Extracted entries ::
--- START ---
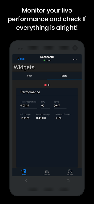 - See live statistics of your stream performance (FPS, CPU usage, kbit/s etc.)
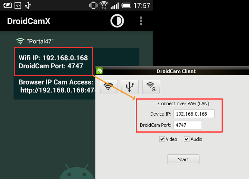 Работает это все очень просто: запускаете на смартфоне DroidCam, приложение вам напишет IP адрес смартфона в домашней сети и адрес порта (он обычно не меняется).
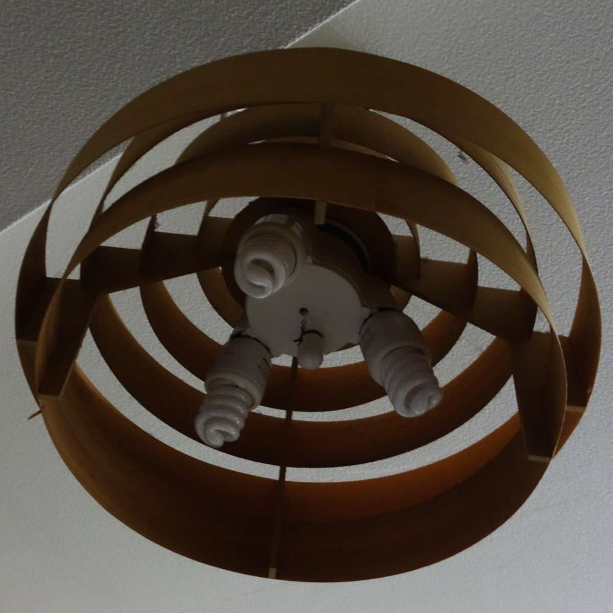 蛍光灯バルブが調光機能対応(以前は実現不可能と言われていた)になった時に入れ替えたライトです。さすがにもう古いので取り外す事にします。光量自体は問題ありませんでしたが、3つも電球の必要はありません。
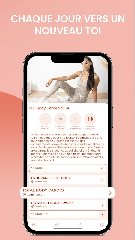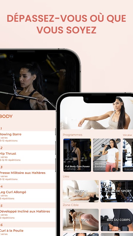 - विविध प्रशिक्षण कार्यक्रम: 100 से अधिक सत्रों में से चुनें जो आपके वातावरण (घर पर या जिम में) के अनुकूल हों और विशिष्ट मांसपेशी समूहों (पूरे शरीर, निचले शरीर, पेट और अधिक) को लक्षित करें।
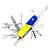 Дополнительные функции: большой клинок, малый клинок, пила по дереву, напильник, лезвие для чистки рыбы, линейка (извлечение рыболовных крючков), консервный нож, открывалка (плоская отвертка, снятие изоляции), ножницы, плоскогубцы (кусачки), штопор, многофункциональный крючок, стамеска, шило, пинцет, зубочистка, игла
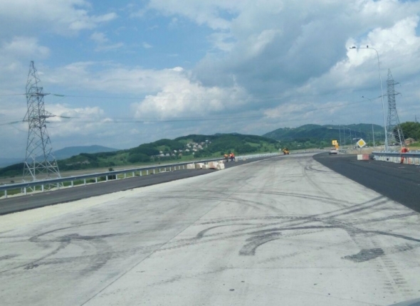 Полностью автодорога еще не готова: автомобили проезжают фактически по стройке. Но уже видно, что дорога будет широкой и, что очень важно, — бетонной. Участок старой автомобильной дороги, которая находится рядом с гипермаркетом "Три кота", уже перекрыт.
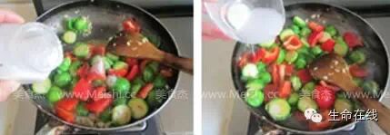 这是道简单的快炒菜,炒制之前须将甘蓝小包菜对开成两半,能方便其尽快成熟;炒菜时先爆香姜片,再加入甘蓝小包菜翻炒,变色后加入彩椒,加入少许水淀粉勾薄芡,最后加入盐调味即可。
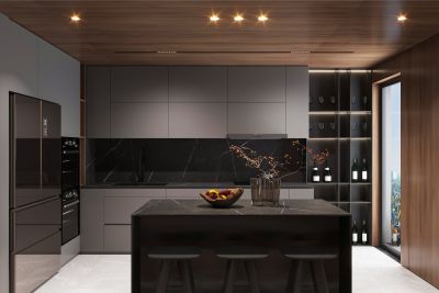 Визуальная коррекция пространства — матовый черный может быть инструментом зонирования или акцентирования. Например, выкрашенная в матовый черный вытяжка или остров становятся визуальным центром композиции, не перегружая пространство излишним блеском.
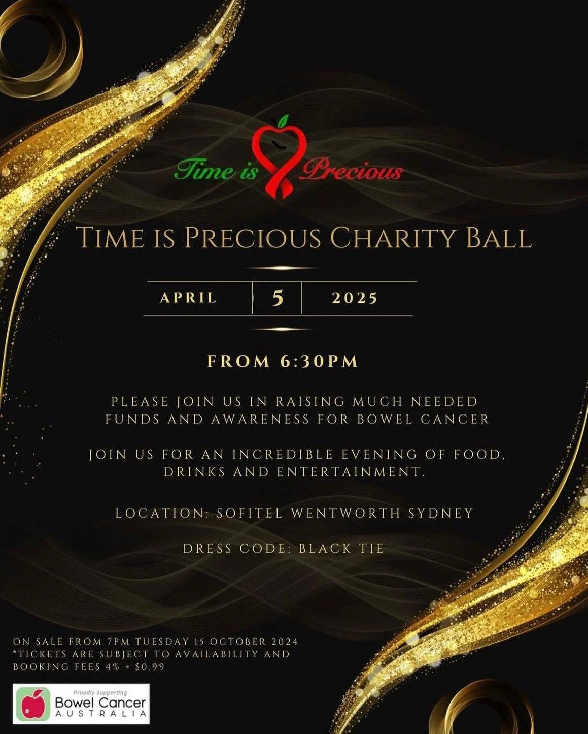 Time is Precious was established to increase the general awareness of Bowel Cancer. Our teams purpose is to promote, prevent and provide for Bowel Cancer Australia, the leading national bowel cancer charity. Their efforts are dedicated to prevention, early diagnosis, research, quality treatment and ensuring the best care for everyone affected by bowel cancer. With 100% of our proceeds donated to their incredible cause, we hope to encourage everyone to join us in a movement to eradicate the bowel cancer stigma and decrease the fatality rate. Current statistics of bowel cancer, particularly in Australia, are extremely concerning. At Time Is Precious, we have the ability to make an impact in this community by working together, sharing experiences and showing compassion. Help us raise awareness to educate the nation further about the risks and concerns of this awful disease.
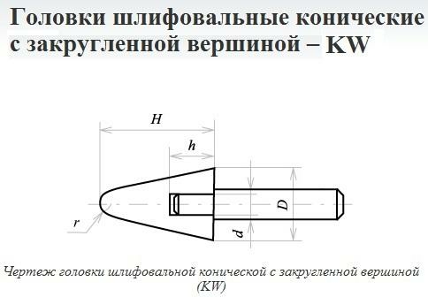 Основное назначение: обработка чугуна, цветных сплавов, стали, легированной, углеродистой, отожженной или после закалки. -(DxHxd) мм-диаметр х длина головки х диаметр хвостовика; -KW(ГКЗ)-головка шлифовальная коническая с закругленной вершиной; -25А-марка шлифовального материала из электрокорунда белого; -F60(25Н)-зернистость (среднезернистый); -O(СТ1)-твердость (среднетвердый); -ГОСТ 2447 электрокорунд белый, 25А – используется в абразивных инструментах для окончательного и профильного шлифования, резьбошлифования, заточки инструмента; ГОСТы на инструмент абразивный, алмазный, абразивные материалы. Приспособления и вспомогательный инструмент. Строительный инструмент
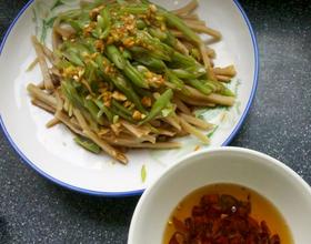 - 5. 豆角焯水后切丝,当面码。葱、蒜切末放入用适量的生抽、醋、糖调成的汁中,浸泡一会儿。
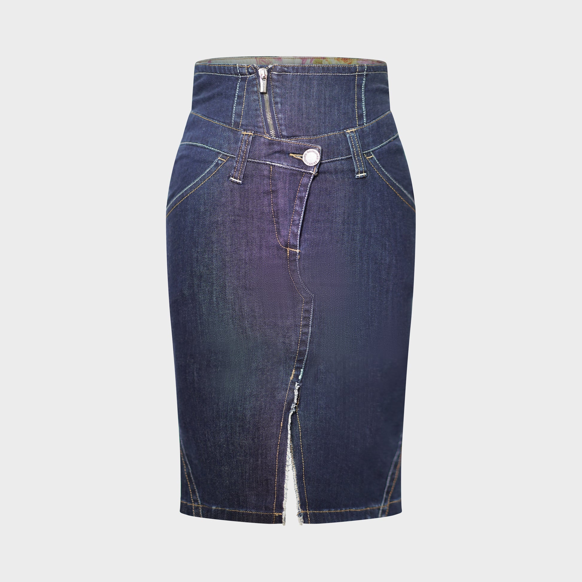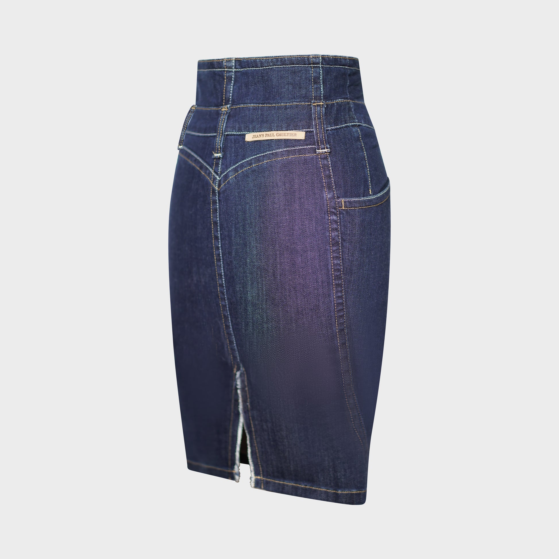 High-waisted denim skirt with a fitted silhouette. Discreet slit detail at the front and back, visible stitching that emphasizes the structure of the garment.
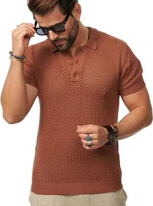 Herren Poloshirt Crochet Kurzarm Knit Strick-Polo T-Shirt Freizeit Männer Polo-Hemd Men's Sommer-Fit S2_Cavern-Brown-M
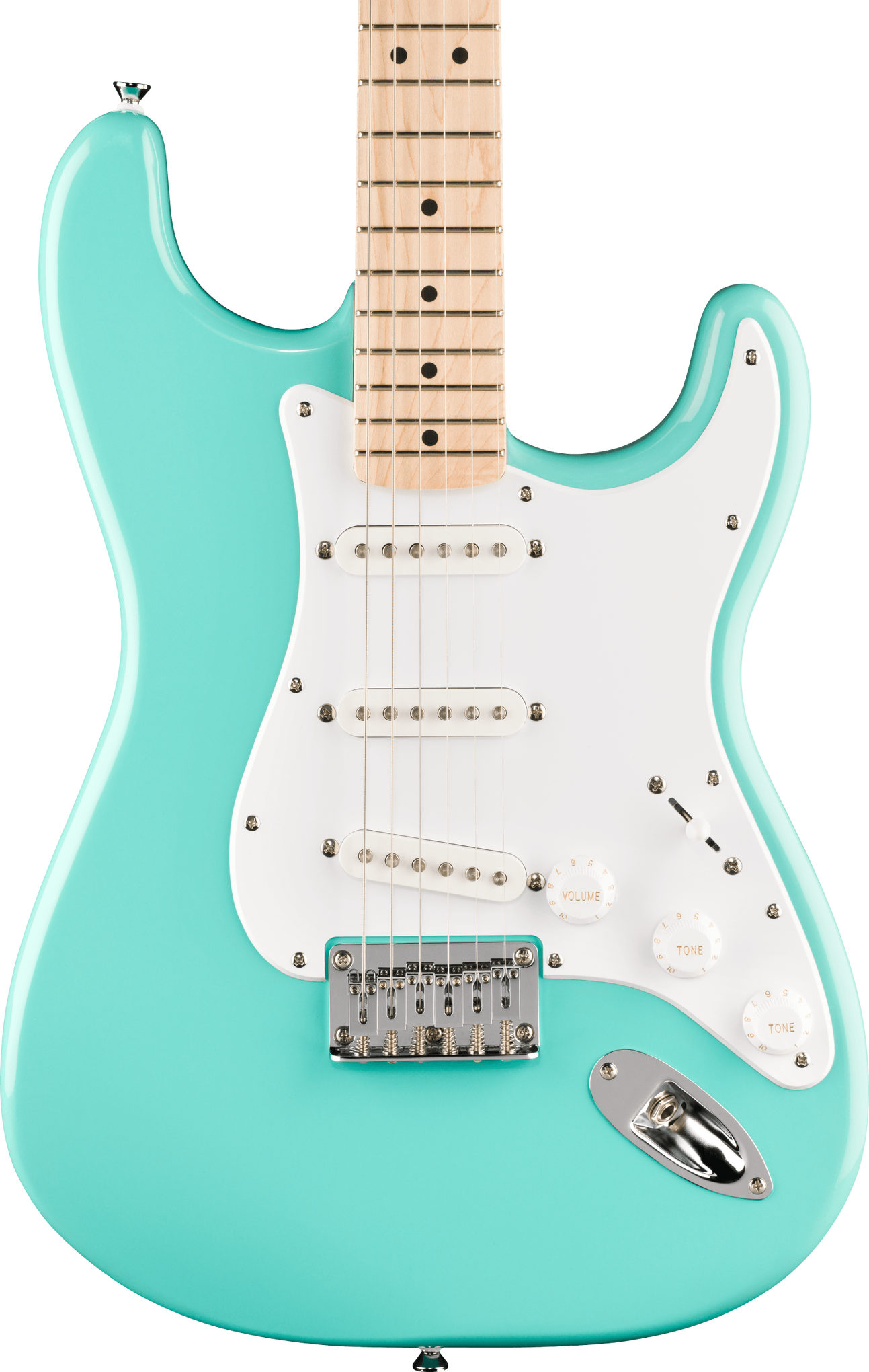 Three ceramic single-coil pickups deliver bright, articulate tones across all five switch positions, covering clean rhythms, edge-of-breakup sounds, and sharper lead voices. The six-saddle hardtail bridge provides a fixed, solid feel that suits players who prefer consistent tuning and direct string response over tremolo movement. Sealed die-cast tuning machines and chrome hardware complete a simple, low-maintenance setup.
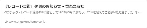 まあ、もう音楽は配信ものと実演が主力になってしまったから、確かに「レコード」という現物を批評する雑誌の使命は終わったのだろう。それにしてもである。
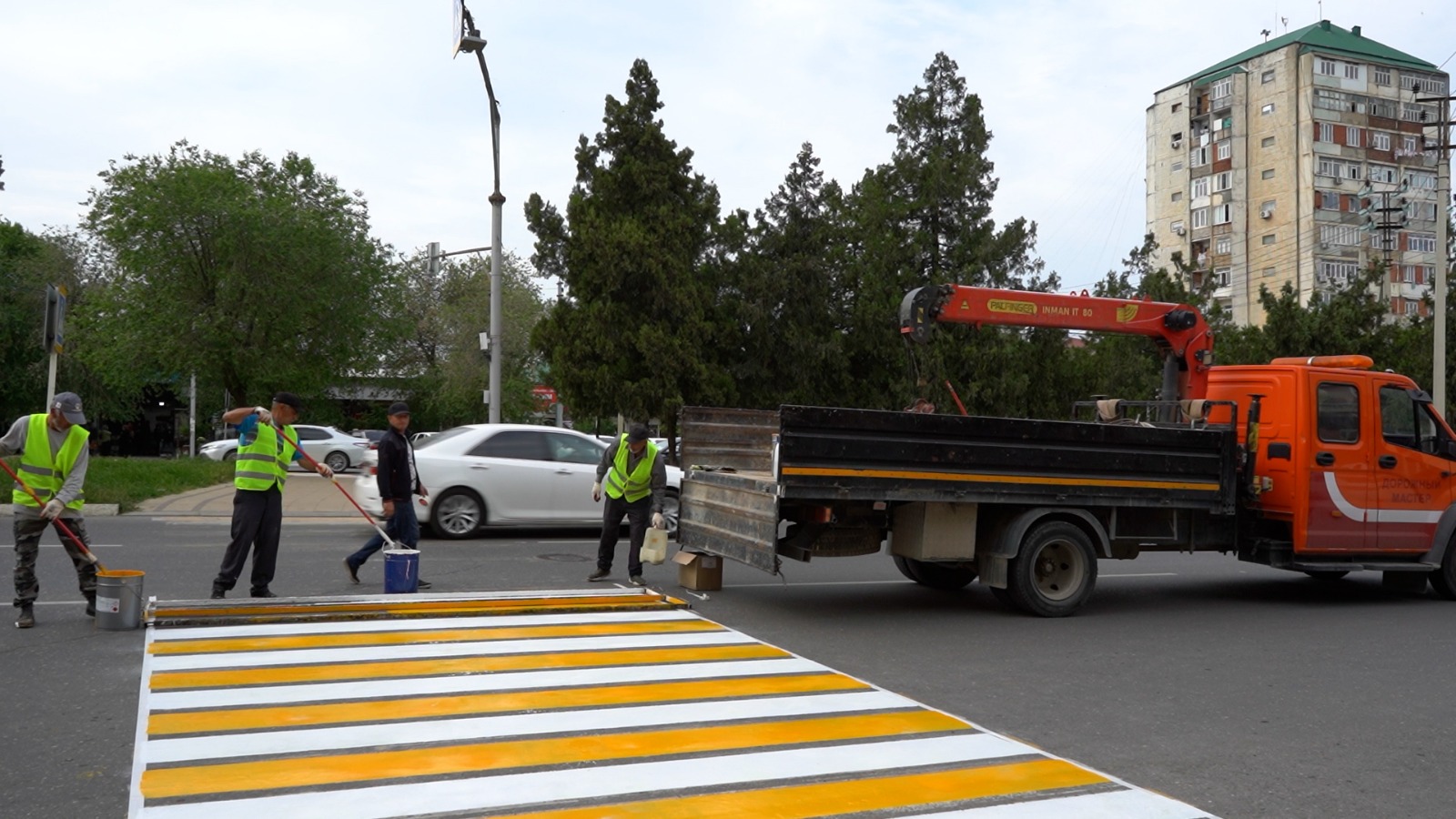 Управление городского хозяйства Дербента проводит плановые работы по обновлению дорожных разметок и покраске пешеходных переходов на улицах города. Работы проводятся по улицам 345-й стрелковой дивизии, Гагарина, Генерала Сеидова, Сальмана и Буйнакского.
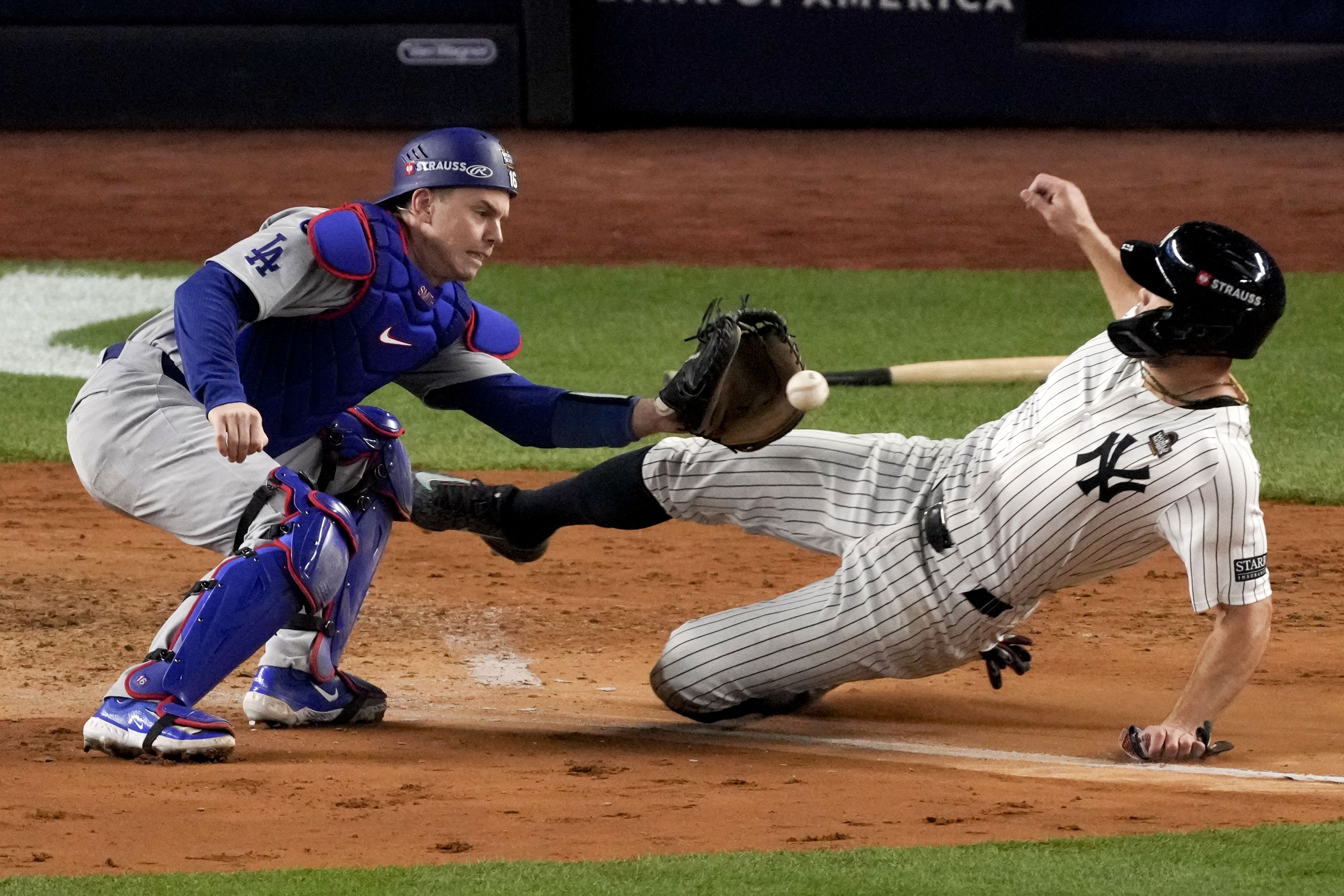 New York Yankees' Giancarlo Stanton is tagged out at home by Los Angeles Dodgers catcher Will Smith during the fourth inning in Game 3 of the baseball World Series, Monday, October 28, 2024, in New York. (Photo by Frank Franklin II/AP Photo)
--- END ---
Going back to the data above, write out everything from the line with "- 5. 豆角焯水后切丝,当面码。葱、蒜切末放入用适量的生抽、醋、糖调成的汁中,浸泡一会儿。" down to the line with "Управление городского хозяйства", both included, leaving every picture out.

Answer section ::
 - 5. 豆角焯水后切丝,当面码。葱、蒜切末放入用适量的生抽、醋、糖调成的汁中,浸泡一会儿。
 High-waisted denim skirt with a fitted silhouette. Discreet slit detail at the front and back, visible stitching that emphasizes the structure of the garment.
 Herren Poloshirt Crochet Kurzarm Knit Strick-Polo T-Shirt Freizeit Männer Polo-Hemd Men's Sommer-Fit S2_Cavern-Brown-M
 Three ceramic single-coil pickups deliver bright, articulate tones across all five switch positions, covering clean rhythms, edge-of-breakup sounds, and sharper lead voices. The six-saddle hardtail bridge provides a fixed, solid feel that suits players who prefer consistent tuning and direct string response over tremolo movement. Sealed die-cast tuning machines and chrome hardware complete a simple, low-maintenance setup.
 まあ、もう音楽は配信ものと実演が主力になってしまったから、確かに「レコード」という現物を批評する雑誌の使命は終わったのだろう。それにしてもである。
 Управление городского хозяйства Дербента проводит плановые работы по обновлению дорожных разметок и покраске пешеходных переходов на улицах города. Работы проводятся по улицам 345-й стрелковой дивизии, Гагарина, Генерала Сеидова, Сальмана и Буйнакского.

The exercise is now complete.